== Your goal ==
Retype nothing except the lines below from the one with "انتهاء مدة تسجيل" through the one with "The Kensington Heart", exactly, with images left out.

== Provided entries ==
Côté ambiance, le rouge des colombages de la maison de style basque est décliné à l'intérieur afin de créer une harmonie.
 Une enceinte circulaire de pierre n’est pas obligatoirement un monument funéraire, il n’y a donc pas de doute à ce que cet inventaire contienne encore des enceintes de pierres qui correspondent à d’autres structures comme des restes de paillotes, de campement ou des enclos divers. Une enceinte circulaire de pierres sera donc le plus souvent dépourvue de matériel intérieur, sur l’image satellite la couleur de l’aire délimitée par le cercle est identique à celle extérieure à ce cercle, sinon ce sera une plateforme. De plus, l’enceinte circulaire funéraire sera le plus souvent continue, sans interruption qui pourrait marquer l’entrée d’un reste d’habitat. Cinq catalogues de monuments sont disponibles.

* * *

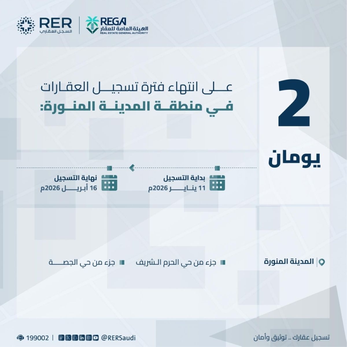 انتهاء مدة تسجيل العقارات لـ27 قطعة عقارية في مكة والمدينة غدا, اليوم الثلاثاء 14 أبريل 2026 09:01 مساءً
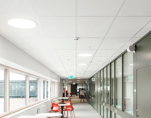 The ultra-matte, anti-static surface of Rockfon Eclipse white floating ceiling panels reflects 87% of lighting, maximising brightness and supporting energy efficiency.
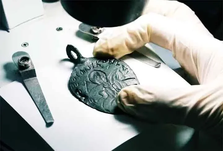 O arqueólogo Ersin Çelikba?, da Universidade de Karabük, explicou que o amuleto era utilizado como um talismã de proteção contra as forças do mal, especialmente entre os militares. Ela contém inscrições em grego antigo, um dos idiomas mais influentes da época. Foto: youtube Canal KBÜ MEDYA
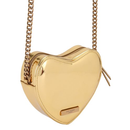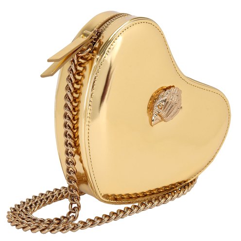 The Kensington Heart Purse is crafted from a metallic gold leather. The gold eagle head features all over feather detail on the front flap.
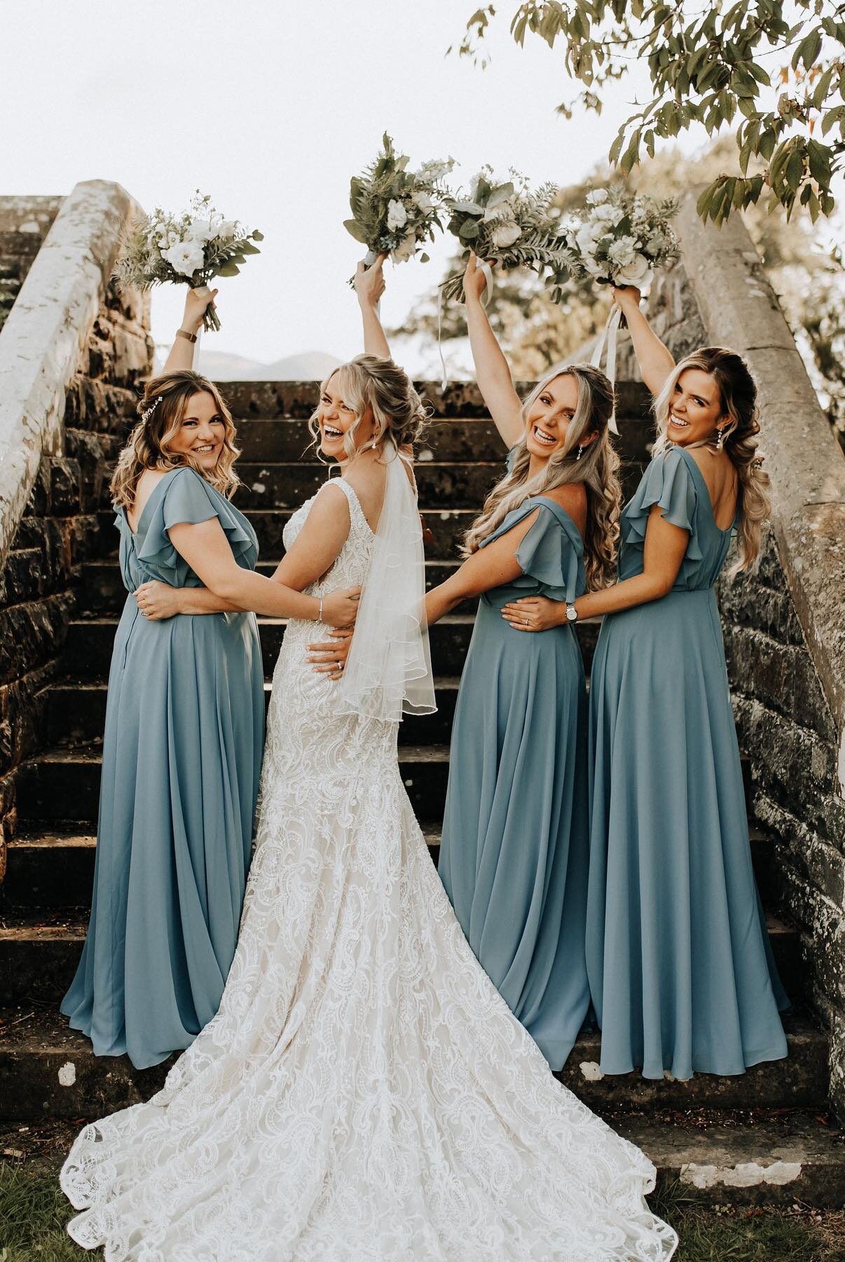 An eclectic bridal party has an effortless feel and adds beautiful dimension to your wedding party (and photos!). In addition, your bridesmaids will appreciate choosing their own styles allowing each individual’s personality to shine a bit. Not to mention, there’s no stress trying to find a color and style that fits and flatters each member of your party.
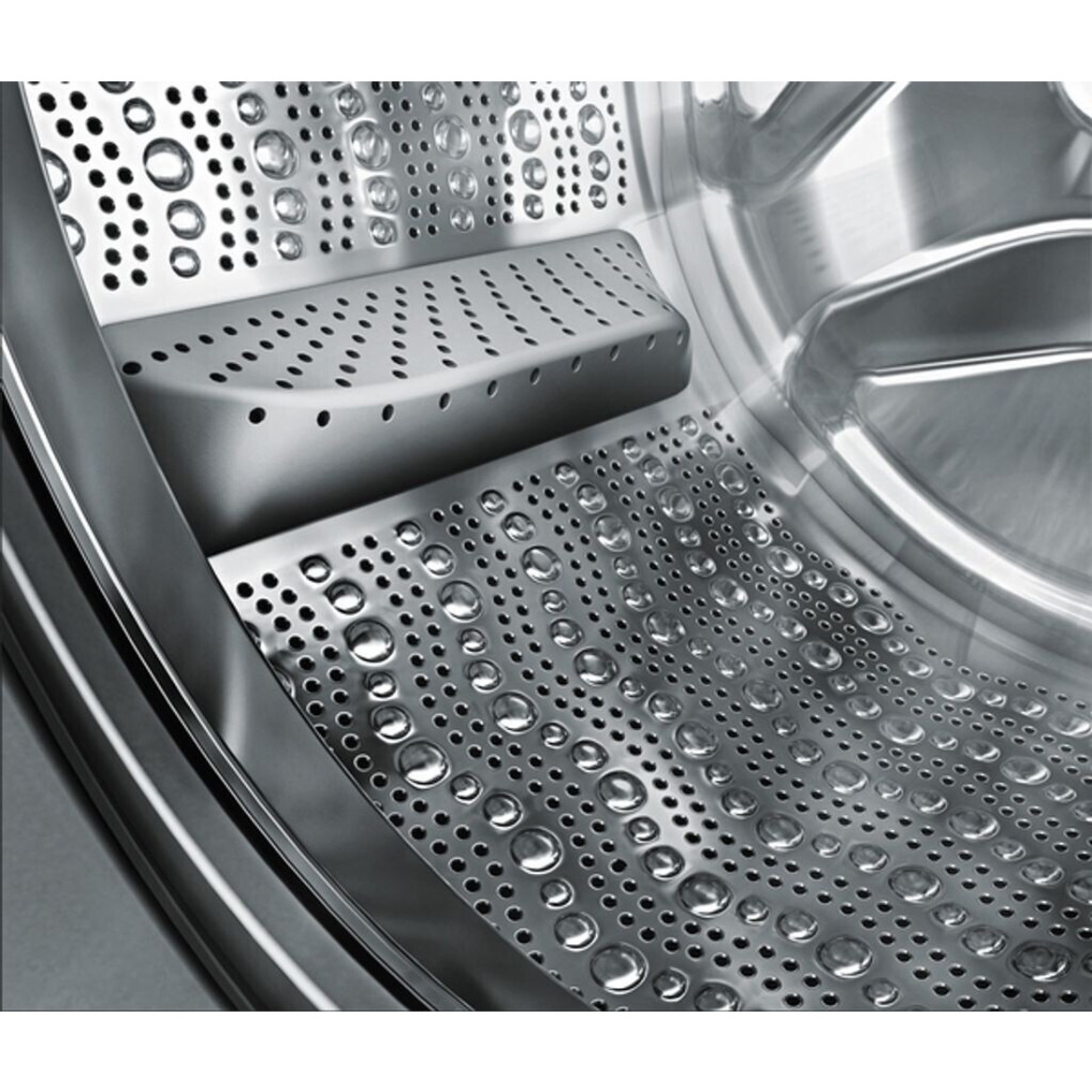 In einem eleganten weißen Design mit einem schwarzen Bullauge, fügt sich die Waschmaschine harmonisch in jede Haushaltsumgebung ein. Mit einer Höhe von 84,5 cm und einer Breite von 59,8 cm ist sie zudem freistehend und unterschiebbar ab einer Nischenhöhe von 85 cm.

* * *

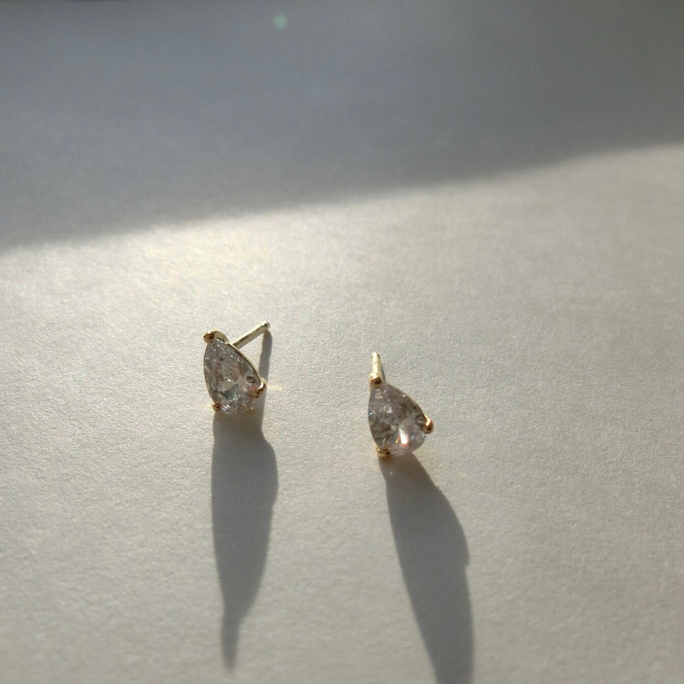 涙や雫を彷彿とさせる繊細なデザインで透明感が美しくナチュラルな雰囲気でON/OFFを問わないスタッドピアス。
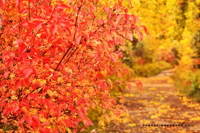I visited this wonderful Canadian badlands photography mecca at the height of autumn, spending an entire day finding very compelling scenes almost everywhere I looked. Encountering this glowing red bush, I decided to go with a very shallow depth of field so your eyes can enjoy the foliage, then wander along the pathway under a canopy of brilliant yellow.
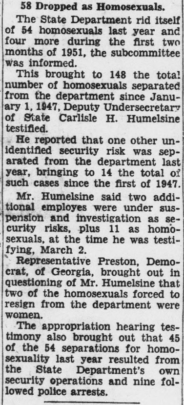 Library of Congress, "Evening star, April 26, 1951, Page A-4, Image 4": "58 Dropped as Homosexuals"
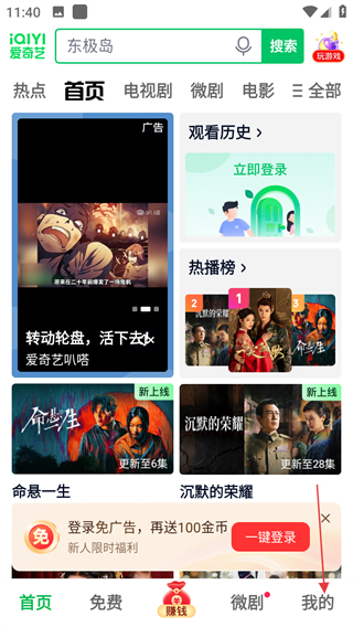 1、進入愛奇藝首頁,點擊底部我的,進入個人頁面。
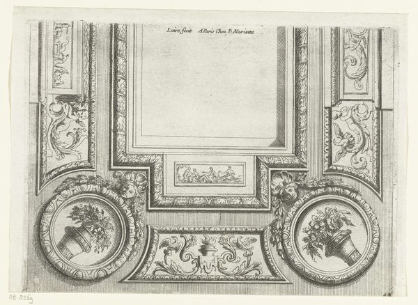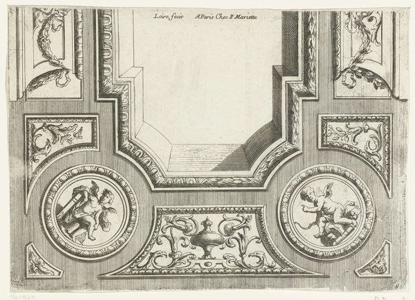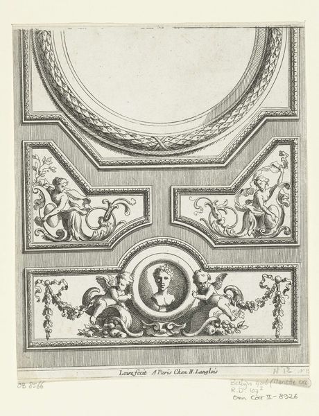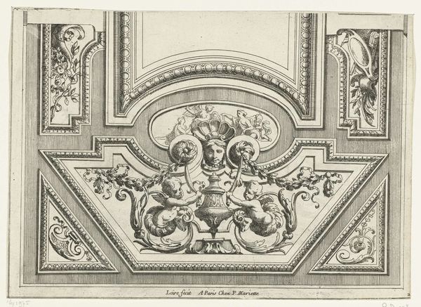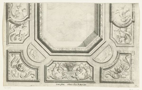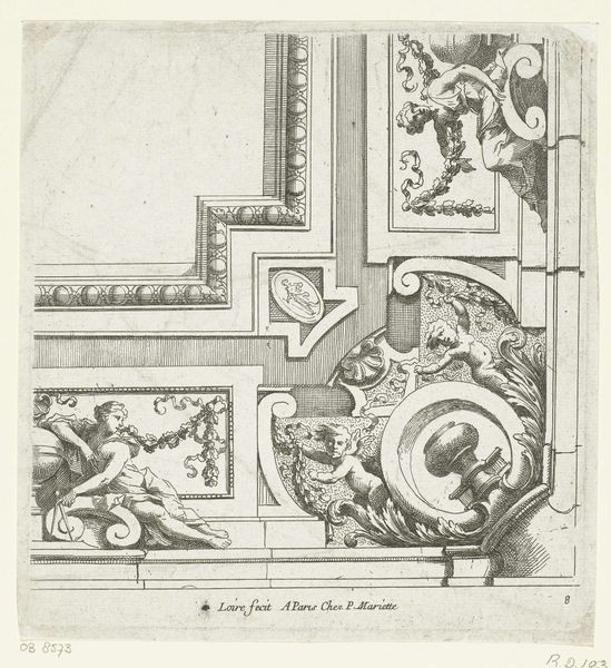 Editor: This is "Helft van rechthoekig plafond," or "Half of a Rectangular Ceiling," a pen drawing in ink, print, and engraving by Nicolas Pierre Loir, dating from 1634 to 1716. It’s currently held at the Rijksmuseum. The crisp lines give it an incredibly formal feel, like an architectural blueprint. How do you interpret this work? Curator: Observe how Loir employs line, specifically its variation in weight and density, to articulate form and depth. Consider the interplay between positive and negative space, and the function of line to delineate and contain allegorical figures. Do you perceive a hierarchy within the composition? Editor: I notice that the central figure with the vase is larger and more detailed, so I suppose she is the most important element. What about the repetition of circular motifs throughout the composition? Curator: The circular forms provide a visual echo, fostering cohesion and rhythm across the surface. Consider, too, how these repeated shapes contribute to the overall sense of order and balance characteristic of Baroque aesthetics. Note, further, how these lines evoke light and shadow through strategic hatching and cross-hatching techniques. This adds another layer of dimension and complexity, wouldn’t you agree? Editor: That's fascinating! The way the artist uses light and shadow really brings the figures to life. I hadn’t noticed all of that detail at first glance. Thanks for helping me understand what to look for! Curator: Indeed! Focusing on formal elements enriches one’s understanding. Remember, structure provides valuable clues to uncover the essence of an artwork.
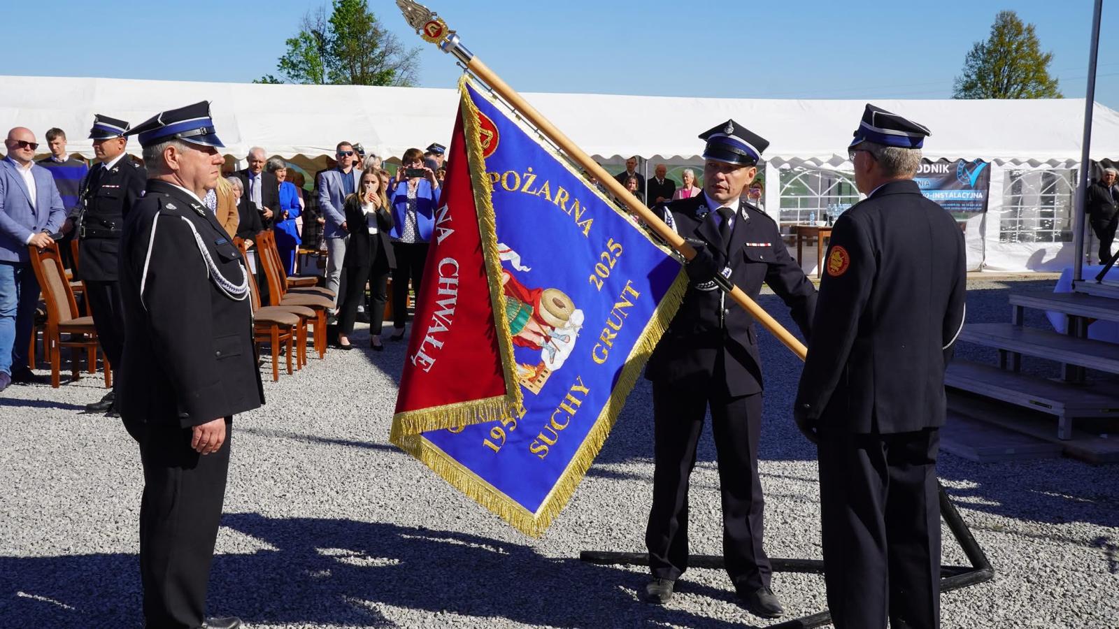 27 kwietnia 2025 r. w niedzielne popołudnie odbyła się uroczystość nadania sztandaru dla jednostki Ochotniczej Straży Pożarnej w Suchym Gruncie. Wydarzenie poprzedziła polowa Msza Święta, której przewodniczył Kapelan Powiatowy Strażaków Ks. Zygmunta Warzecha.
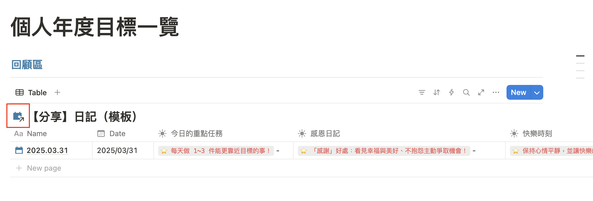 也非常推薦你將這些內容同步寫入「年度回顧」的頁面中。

== Exercise answer ==
 انتهاء مدة تسجيل العقارات لـ27 قطعة عقارية في مكة والمدينة غدا, اليوم الثلاثاء 14 أبريل 2026 09:01 مساءً
 The ultra-matte, anti-static surface of Rockfon Eclipse white floating ceiling panels reflects 87% of lighting, maximising brightness and supporting energy efficiency.
 O arqueólogo Ersin Çelikba?, da Universidade de Karabük, explicou que o amuleto era utilizado como um talismã de proteção contra as forças do mal, especialmente entre os militares. Ela contém inscrições em grego antigo, um dos idiomas mais influentes da época. Foto: youtube Canal KBÜ MEDYA
 The Kensington Heart Purse is crafted from a metallic gold leather. The gold eagle head features all over feather detail on the front flap.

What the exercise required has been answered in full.